In the present study, we conducted a confirmatory factor analysis (CFA) to assess the validity of our measurement model. Following the initial model evaluation, we identified areas for potential improvement based on modification indices. Consequently, we made targeted modification to the model by allowing certain error terms to covary, which enhanced the model fit and provided a more accurate representation of the underlying constructs. The model fit indices were considered acceptable with a root mean square error of approximation (RMSEA) of less than 0.08, a Standardized Root Mean Square Residual (SRMR) below 0.08, a comparative fit index (CFI) greater than 0.9, a parsimonious comparative fit index (PCFI) greater than 0.5, a parsimonious normed fit index (PNFI) below 0.5, an incremental fit index (IFI) greater than 0.9, and a chi-square/degrees of freedom ratio (CMIN/DF) less than 3 [36].
Convergent and discriminant validity
This type of validity was assessed using Average Variance Extracted (AVE), Maximum Shared Squared Variance (MSV), and Composite Reliability (CR). Convergent validity was considered acceptable if the AVE value exceeded 0.5 or if the CR value was greater than 0.7. Additionally, if the AVE was higher than the MSV, the discriminant validity of the tool was confirmed [37]. The mentioned values can be evaluated through the results of the confirmatory factor analysis. Also the study used the Heterotrait-Monotrait Ratio (HTMT) correlation criterion to determine discriminant validity. According to this criterion, the HTMT ratio between all constructs should be less than 0.85 [38].
Reliability
CR was assessed for each factor, with CR values above 0.7 indicating good reliability. To measure the internal consistency of the factors, both Cronbach’s alpha and McDonald’s omega coefficients were calculated, with a threshold of 0.7 considered acceptable. The stability of the SAQ was evaluated using intra-class correlation coefficients (ICC), with a minimum acceptable level set at 0.75 [39]. For this purpose, a sample of 30 students completed the questionnaire twice, with a two-week interval between administrations.
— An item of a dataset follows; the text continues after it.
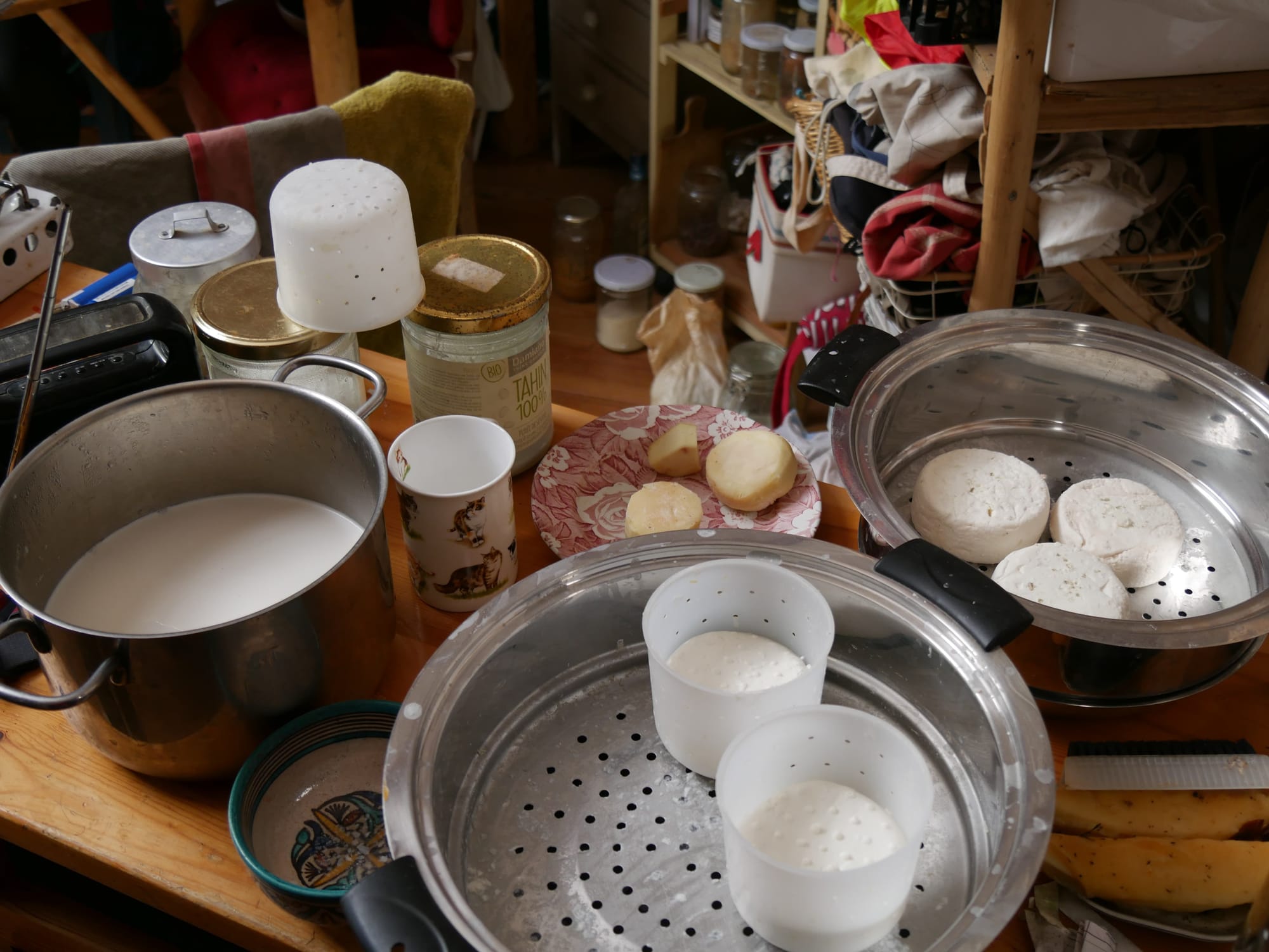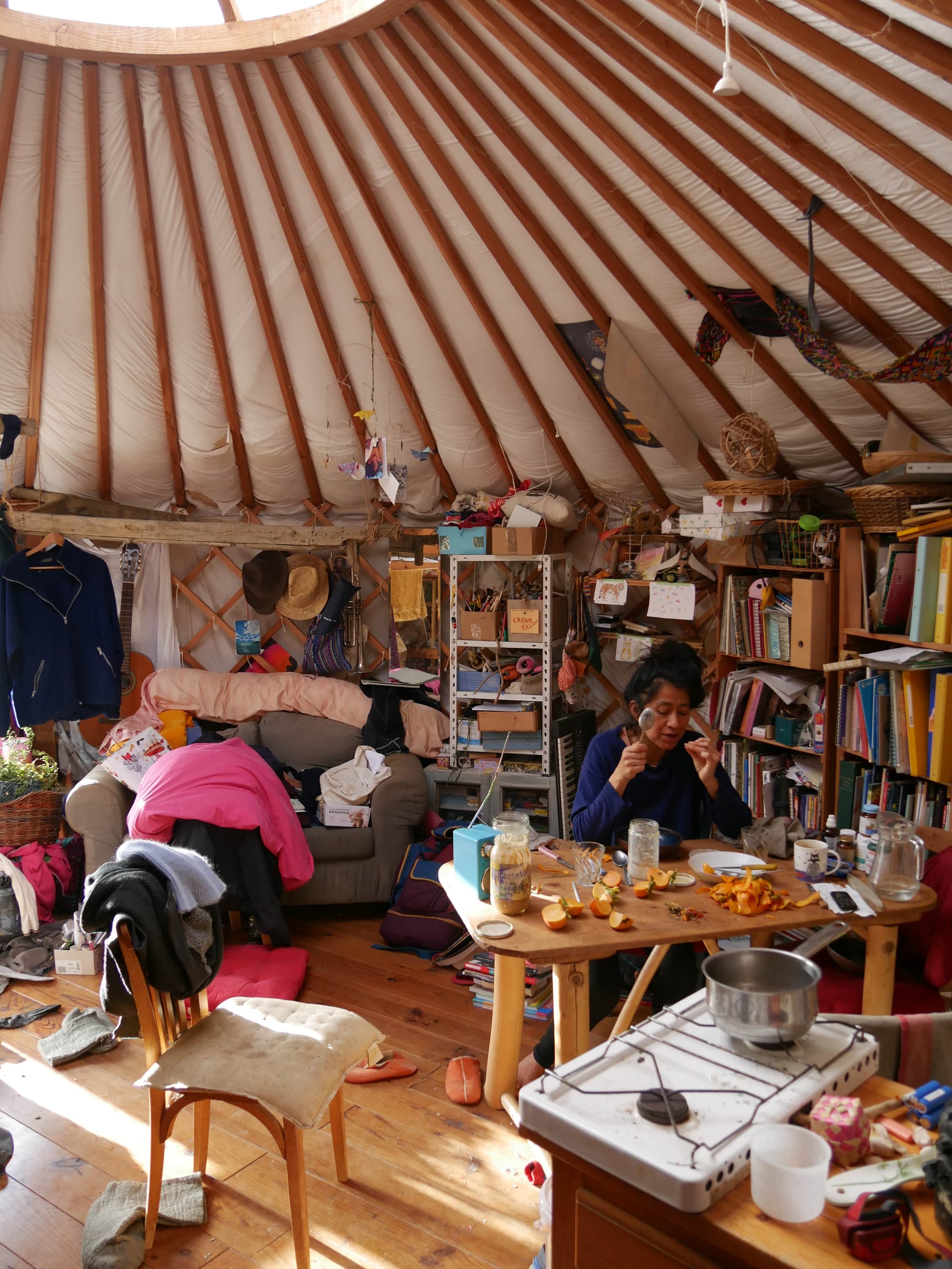 Sur le terrain boisé et vallonné acquis il y a 12 ans, une petite dizaine de yourtes installées autour des bâtiments collectifs accueillent une vingtaine de personnes, dont quasiment une moitié d’enfants. L’activité de maraîchage, les différents vergers, l’élevage de chèvres et d’abeilles ainsi que la production d’aliments transformés (tartinables, conserves, lacto-fermentation…) permettent aux membres du collectif de consommer une grande diversité de nourriture faite sur place. De plus, j’ai trouvé intéressants leurs questionnements par rapport à leur consommation avec la récupération d’objets et matériaux en déchetterie, l’utilisation de nombreux fours solaires paraboliques, le mode de vie en yourte, la construction terre-paille…

Normality, outliers and missing data
Univariate and multivariate outliers were assessed using distribution charts and Mahalanobis distance (with Mahalanobis distance p < 0.001). Univariate normality was evaluated based on skewness (values within ± 3) and kurtosis (values within ± 7), while multivariate normality was assessed using the Mardia coefficient (values < 8) [40]. For CFA, listwise deletion was employed to handle missing data, as it was preferred over imputation due to the nature of the non-responses, which were primarily linked to incomplete questionnaires. In the present study, a total of 380 responses were analyzed. As the data were collected through online forms, no missing data were encountered. Statistical analyses were conducted using SPSS and AMOS version 26.0.
Results
Among the 380 participants, 244 (64.2%) were female, with most (96.3%) being single. The average age of the students was 21.76 (SD = 1.95) years. About one-third (117 participants) lived with their families, and 78 (20.5%) were nursing students. A detailed summary of participant characteristics is presented in Table 1.
Table 1.
Demographic characteristics of students
| Variable | n (%) | |
|---|---|---|
| Gender | Male | 136 (35.8) |
| Female | 244 (64.2) | |
| Marital status | Single | 366 (96.3) |
| Married | 11 (2.9) | |
| Divorced | 3 (0.8) | |
| Residence status | Dormitory | 243 (63.9) |
| Rented house | 20 (5.3) | |
| With family | 117 (30.8) | |
| Mean (SD) | ||
| Age (per year) | 21.76 (1.95) | |
| Interest in field (up to 10) | 7.53 (2.21) | |
n: frequency; %:percent; SD: Standard deviation
Face and content validity
The face validity results indicated that all questionnaire items were deemed appropriate, clear, and important. Additionally, the impact score for each item was above 1.5. In terms of qualitative content validity, revisions were made to some items based on feedback from 12 experts. For quantitative content validity, the CVR and CVI were calculated for each item. With the cut point set at 0.56, no items were excluded. Furthermore, both the Scale-Level Content Validity Index (S-CVI) and Scale-Level Content Validity Ratio (S-CVR) values exceeded 0.9.
Construct validity
The EFA was performed using the maximum likelihood extraction method, yielding a KMO value of 0.867 and a significant Bartlett’s test of sphericity (Chi-square = 2143.403, P < 0.001) (Table 2). Promax rotation identified four factors with eigenvalues greater than one, which together accounted for 51.42% of the total variance (Fig. 1). No items were eliminated from the questionnaire at this stage. There were moderate to strong positive relationships between factor 1 and Factors 2 (0.365) and 3 (0.641), indicating some shared variance and potential interdependencies. However, Factor 1 had a weak positive relationship with factor 4 (0.225), suggesting they are more distinct from each other.
Table 2.
Exploratory Factors analysis of the SAQ (N = 190)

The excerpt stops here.